● **WHAT IS EXPECTED**
The line containing "Что касается пола, то" and every line after it, through the end of the material: copy these exactly and nothing else, leaving pictures out.

● **GIVEN DATA**
◆ ◆ ◆ ◆ ◆
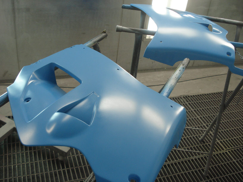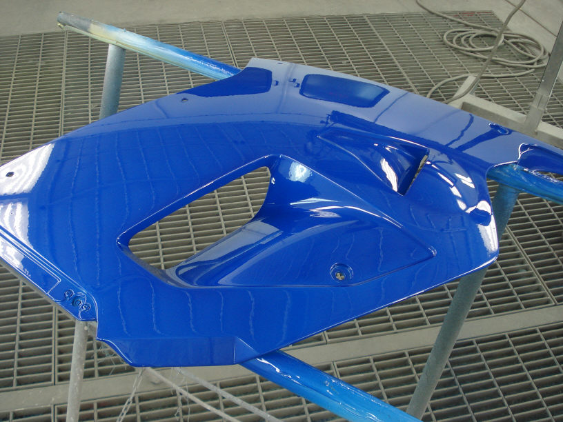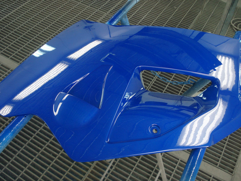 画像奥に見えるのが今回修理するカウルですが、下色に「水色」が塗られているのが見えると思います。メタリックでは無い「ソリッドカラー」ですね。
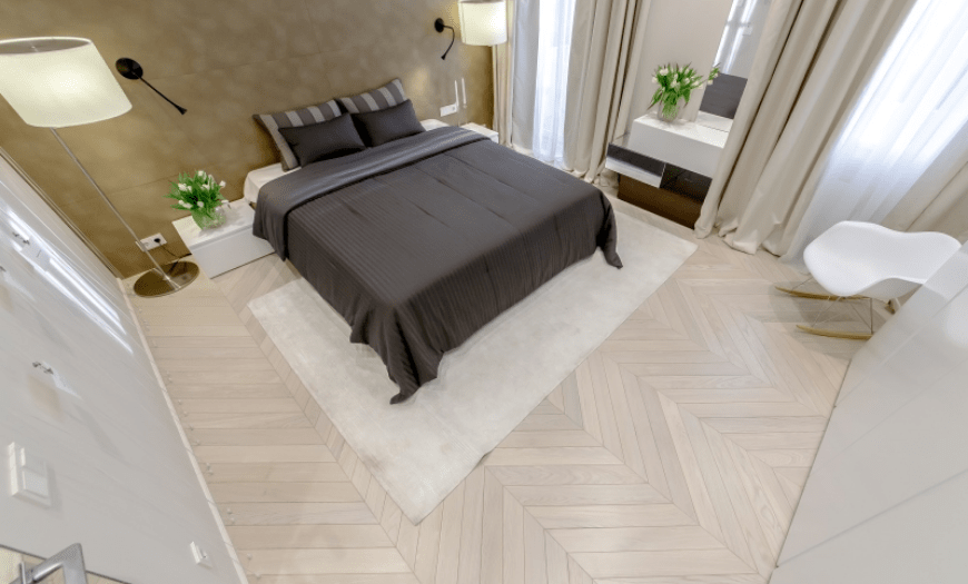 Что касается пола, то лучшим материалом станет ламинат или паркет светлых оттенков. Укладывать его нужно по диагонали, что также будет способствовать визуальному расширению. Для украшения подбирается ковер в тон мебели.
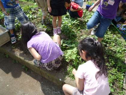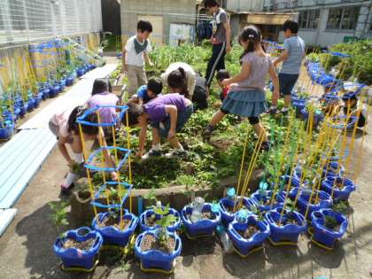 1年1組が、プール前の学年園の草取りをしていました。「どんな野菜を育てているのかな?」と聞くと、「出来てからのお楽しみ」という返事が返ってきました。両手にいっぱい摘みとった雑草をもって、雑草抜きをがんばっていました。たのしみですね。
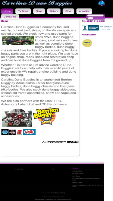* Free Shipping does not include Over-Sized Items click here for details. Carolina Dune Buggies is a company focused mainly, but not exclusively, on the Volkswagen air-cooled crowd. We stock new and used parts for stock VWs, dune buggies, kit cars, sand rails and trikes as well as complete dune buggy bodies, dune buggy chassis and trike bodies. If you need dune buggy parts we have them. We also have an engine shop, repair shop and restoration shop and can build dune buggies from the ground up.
◆ ◆ ◆ ◆ ◆
● **COMPLETED EXERCISE**
 Что касается пола, то лучшим материалом станет ламинат или паркет светлых оттенков. Укладывать его нужно по диагонали, что также будет способствовать визуальному расширению. Для украшения подбирается ковер в тон мебели.
 1年1組が、プール前の学年園の草取りをしていました。「どんな野菜を育てているのかな?」と聞くと、「出来てからのお楽しみ」という返事が返ってきました。両手にいっぱい摘みとった雑草をもって、雑草抜きをがんばっていました。たのしみですね。
* Free Shipping does not include Over-Sized Items click here for details. Carolina Dune Buggies is a company focused mainly, but not exclusively, on the Volkswagen air-cooled crowd. We stock new and used parts for stock VWs, dune buggies, kit cars, sand rails and trikes as well as complete dune buggy bodies, dune buggy chassis and trike bodies. If you need dune buggy parts we have them. We also have an engine shop, repair shop and restoration shop and can build dune buggies from the ground up.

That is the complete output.